Blogpost - Optimising searching with grep

In a world with exponential amount of stored data, data searching is becoming more of a bottleneck. This leads to an increased amount of required compute power and time used on searches. However, in most cases you end up with subpar solutions not utilizing the tools and machines full potential. Addressing this issue can result in quicker and cheaper searches when you need to search through data.

We have approximately 37400 books in which we need to search through and find out what books have which cities mentioned. We have approximately 48900 cities to search for. So we wanted to find the quickest way to perform this task, since its 1.8 billion combinations, where each combination holds thousands of words to search through. So we will dive into how to optimize our grep search, to obtain speeds and a clean results set.

Please notice

Everything we cover in this blog post is mainly aimed at improving timings in certain use cases, and may not be the best approach for all use cases.

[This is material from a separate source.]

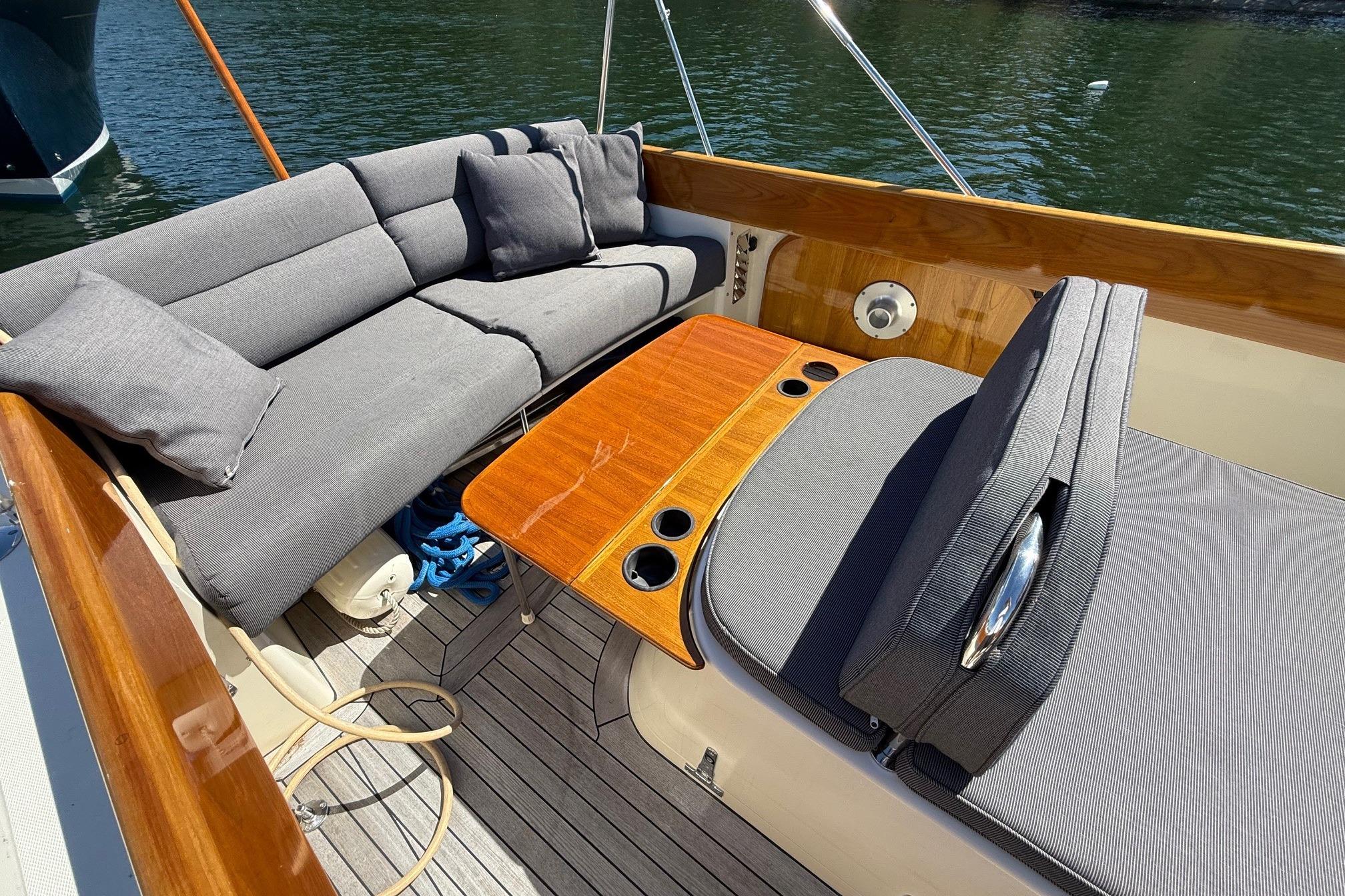 - Varnished teak cladding in Interior of cockpit, inside pilothouse and on entire dash.

All of our test and findings are done on a server with the following specs, 2x6 core CPU (3,33 GHz), 96GB RAM, a RAM Disk and a clean Ubuntu 18.04 install. This is both the timings and the benchmarks.

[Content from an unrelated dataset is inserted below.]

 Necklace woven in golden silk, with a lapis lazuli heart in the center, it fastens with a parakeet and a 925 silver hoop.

Prerequisites for this blog

The prerequisites both covers if you want to play around with the commands and just general knowledge of what this is.

Knowledge about what is grep
A UNIX system if you want to test along

If your knowledge about grep is non existing, we would recommend to read this¹ blog post.

For the UNIX based system we would recommend Ubuntu for simplicity, or if you rather want to stick to Windows it should be Windows 10 with WSL. It can be read about here².

Terms used

keyword : The specific word we are looking for

grep

Our grep command started out looking like this, grep 'keyword'.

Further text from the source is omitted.